* WHAT THE TASK REQUIRES *
Each line below from the one containing "Information in this" through the one containing "Gleneagles Kooyong Road" should be output exactly as it stands, and no other line should appear.

^^^^

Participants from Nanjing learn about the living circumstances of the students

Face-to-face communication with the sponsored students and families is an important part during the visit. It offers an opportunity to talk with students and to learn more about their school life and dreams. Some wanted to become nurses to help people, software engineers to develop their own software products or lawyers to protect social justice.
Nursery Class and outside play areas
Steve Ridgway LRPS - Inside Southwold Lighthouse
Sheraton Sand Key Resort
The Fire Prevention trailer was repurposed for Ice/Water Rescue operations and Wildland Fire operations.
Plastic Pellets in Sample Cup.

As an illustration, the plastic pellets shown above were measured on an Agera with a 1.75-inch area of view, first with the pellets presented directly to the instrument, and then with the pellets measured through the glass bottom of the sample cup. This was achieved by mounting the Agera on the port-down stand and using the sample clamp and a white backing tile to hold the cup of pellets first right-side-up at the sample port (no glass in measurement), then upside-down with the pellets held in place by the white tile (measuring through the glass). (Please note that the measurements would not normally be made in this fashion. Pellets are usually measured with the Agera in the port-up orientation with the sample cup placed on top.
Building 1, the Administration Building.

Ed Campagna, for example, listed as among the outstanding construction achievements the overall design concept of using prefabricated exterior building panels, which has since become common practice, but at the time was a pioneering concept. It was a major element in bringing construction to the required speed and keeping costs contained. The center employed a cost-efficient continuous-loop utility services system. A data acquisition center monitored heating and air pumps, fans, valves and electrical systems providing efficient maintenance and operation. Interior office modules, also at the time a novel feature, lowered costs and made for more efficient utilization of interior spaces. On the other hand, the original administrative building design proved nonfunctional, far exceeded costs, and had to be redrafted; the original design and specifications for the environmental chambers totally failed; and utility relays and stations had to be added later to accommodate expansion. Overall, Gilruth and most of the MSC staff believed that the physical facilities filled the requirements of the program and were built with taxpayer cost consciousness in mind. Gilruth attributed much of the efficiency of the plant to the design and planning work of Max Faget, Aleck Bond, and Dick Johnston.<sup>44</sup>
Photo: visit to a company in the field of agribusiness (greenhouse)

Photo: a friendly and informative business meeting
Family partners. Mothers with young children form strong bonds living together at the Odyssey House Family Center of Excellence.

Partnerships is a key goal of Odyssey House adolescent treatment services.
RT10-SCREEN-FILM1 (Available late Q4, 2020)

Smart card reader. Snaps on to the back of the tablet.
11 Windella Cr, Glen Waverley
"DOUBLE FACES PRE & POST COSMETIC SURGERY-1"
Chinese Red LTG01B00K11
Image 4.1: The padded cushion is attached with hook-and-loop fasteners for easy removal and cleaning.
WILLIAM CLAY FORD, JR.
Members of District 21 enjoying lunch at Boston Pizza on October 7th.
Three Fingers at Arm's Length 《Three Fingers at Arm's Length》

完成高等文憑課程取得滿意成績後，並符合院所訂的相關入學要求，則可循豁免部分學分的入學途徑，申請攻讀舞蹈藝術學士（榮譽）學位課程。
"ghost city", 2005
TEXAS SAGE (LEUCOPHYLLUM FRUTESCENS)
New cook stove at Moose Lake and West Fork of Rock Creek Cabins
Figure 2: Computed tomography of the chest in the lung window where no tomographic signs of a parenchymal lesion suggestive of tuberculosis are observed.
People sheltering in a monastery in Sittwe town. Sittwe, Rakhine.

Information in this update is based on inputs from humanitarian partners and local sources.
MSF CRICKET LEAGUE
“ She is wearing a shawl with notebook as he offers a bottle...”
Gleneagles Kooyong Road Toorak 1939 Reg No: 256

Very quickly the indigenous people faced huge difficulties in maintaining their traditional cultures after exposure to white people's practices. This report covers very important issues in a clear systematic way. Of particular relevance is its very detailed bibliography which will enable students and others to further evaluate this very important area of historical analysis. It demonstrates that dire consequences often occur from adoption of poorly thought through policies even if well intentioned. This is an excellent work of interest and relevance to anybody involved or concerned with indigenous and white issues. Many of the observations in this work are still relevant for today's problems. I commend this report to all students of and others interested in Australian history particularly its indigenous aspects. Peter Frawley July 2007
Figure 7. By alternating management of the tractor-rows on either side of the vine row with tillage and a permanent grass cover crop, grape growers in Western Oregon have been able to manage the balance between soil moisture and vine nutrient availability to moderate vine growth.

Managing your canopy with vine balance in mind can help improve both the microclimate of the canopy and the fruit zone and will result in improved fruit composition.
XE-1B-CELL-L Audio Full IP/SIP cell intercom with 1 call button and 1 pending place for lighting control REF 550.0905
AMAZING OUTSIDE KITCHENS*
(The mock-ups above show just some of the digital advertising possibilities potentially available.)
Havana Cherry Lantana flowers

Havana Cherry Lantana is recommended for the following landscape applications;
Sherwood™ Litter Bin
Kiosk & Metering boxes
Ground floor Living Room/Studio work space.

^^^^

* THE ANSWER *
Information in this update is based on inputs from humanitarian partners and local sources.
MSF CRICKET LEAGUE
“ She is wearing a shawl with notebook as he offers a bottle...”
Gleneagles Kooyong Road Toorak 1939 Reg No: 256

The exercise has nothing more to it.